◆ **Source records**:
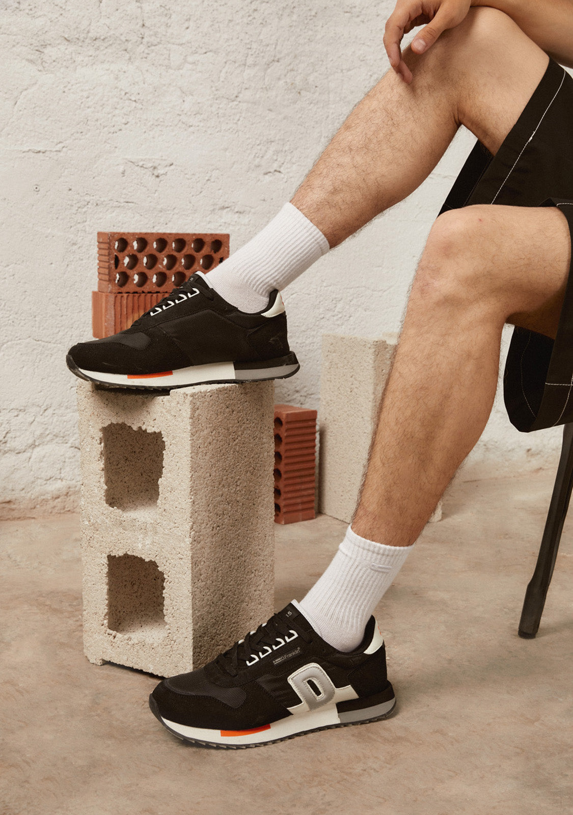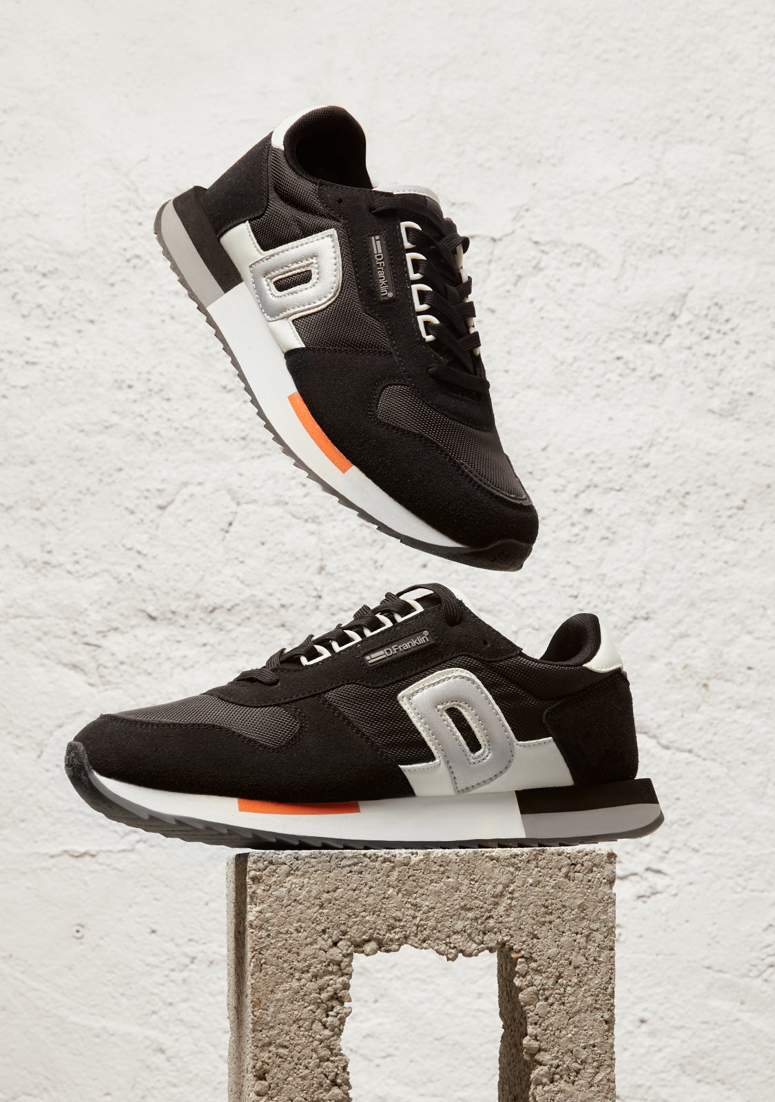 Dieses Modell hat eine klassische Ästhetik in schwarzen Farben mit orangefarbenen Details. Es zeigt den Buchstaben D unseres Emblems an der Seite. Es verfügt auch über Baumwollschnürsenkel für eine perfekte Passform. Die Sohle mit doppelter Dichte und gezacktem Profil sorgt für einen bequemen, leichten Sitz und guten Halt.
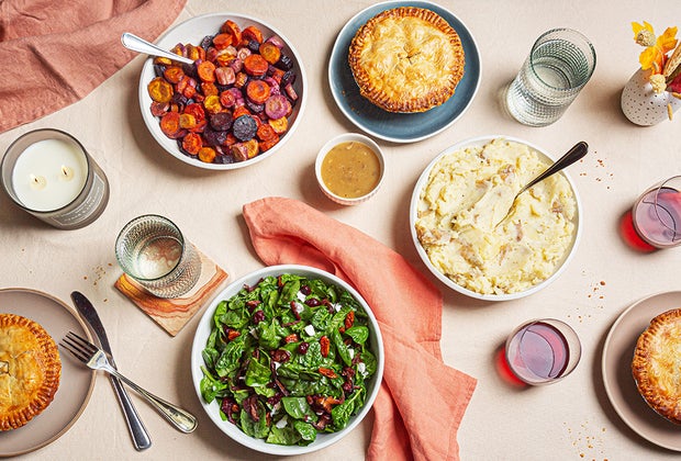If you're planning a vegetarian meal this year, try the meatless feast from the Veggie Grill. The Thanksgiving Pot Pie package includes individual "turkey" and mushroom pot pies plus sides like mashed potatoes, gravy, glazed rainbow carrots, and a baby spinach salad. Sharable mini-pumpkin pies round out the meal. Preorder by Wednesday, November 18.
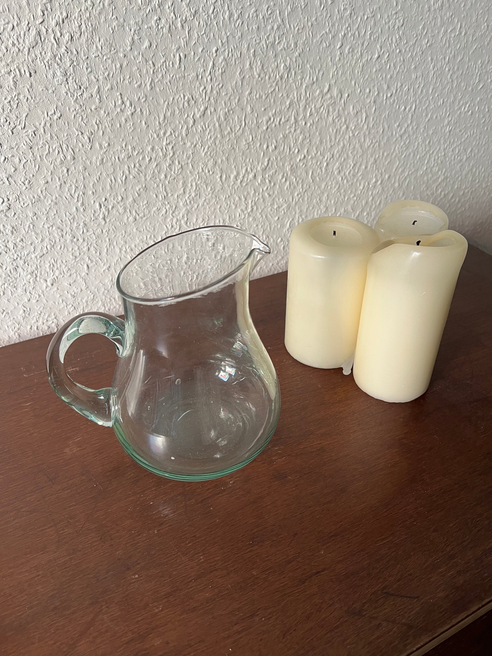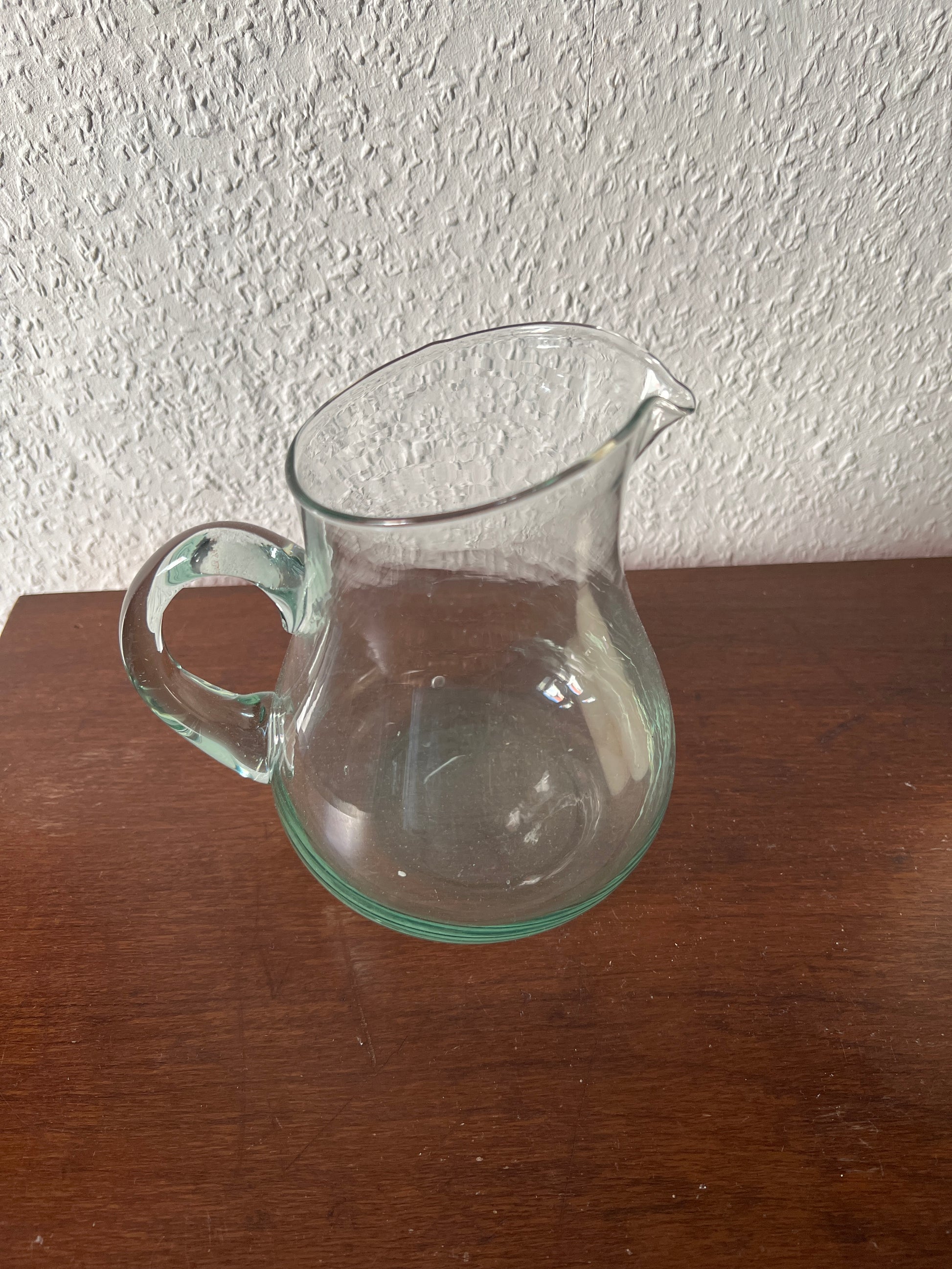 This charming glass pitcher combines rustic craftsmanship with functional design . Crafted from thick-walled , slightly greenish- shimmering glass, it features an organic , bulbous shape and an elegantly curved spout that facilitates pouring. The generous handle sits comfortably in the hand and underscores the carafe's sleek lines.
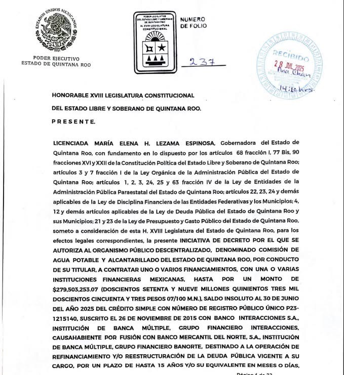 La iniciativa firmada por la gobernadora Mara Lezama será aprobada rápidamente, puesto que inmediatamente después de su admisión formal en la sesión de este día, la Diputación Permanente convocó al pleno de la legislatura a realizar un período extraordinario de sesiones mañana martes 5 de agosto a las 4 de la tarde, en donde el punto principal será la aprobación del crédito para reestructuración de deuda1.
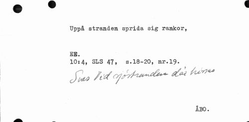 //// Uppå stranden sprida sig rankor, //// EE. //// 10:4, SLS 47, s. 18-20, nr. 19* //// fw A ? o/U™-^ éi» ^ //// ÅBO. ////

◆ **Goal of the exercise**:
Once the pictures are removed, repeat all of the data above exactly.

◆ **Response box**:
 Dieses Modell hat eine klassische Ästhetik in schwarzen Farben mit orangefarbenen Details. Es zeigt den Buchstaben D unseres Emblems an der Seite. Es verfügt auch über Baumwollschnürsenkel für eine perfekte Passform. Die Sohle mit doppelter Dichte und gezacktem Profil sorgt für einen bequemen, leichten Sitz und guten Halt.
If you're planning a vegetarian meal this year, try the meatless feast from the Veggie Grill. The Thanksgiving Pot Pie package includes individual "turkey" and mushroom pot pies plus sides like mashed potatoes, gravy, glazed rainbow carrots, and a baby spinach salad. Sharable mini-pumpkin pies round out the meal. Preorder by Wednesday, November 18.
 This charming glass pitcher combines rustic craftsmanship with functional design . Crafted from thick-walled , slightly greenish- shimmering glass, it features an organic , bulbous shape and an elegantly curved spout that facilitates pouring. The generous handle sits comfortably in the hand and underscores the carafe's sleek lines.
 La iniciativa firmada por la gobernadora Mara Lezama será aprobada rápidamente, puesto que inmediatamente después de su admisión formal en la sesión de este día, la Diputación Permanente convocó al pleno de la legislatura a realizar un período extraordinario de sesiones mañana martes 5 de agosto a las 4 de la tarde, en donde el punto principal será la aprobación del crédito para reestructuración de deuda1.
 //// Uppå stranden sprida sig rankor, //// EE. //// 10:4, SLS 47, s. 18-20, nr. 19* //// fw A ? o/U™-^ éi» ^ //// ÅBO. ////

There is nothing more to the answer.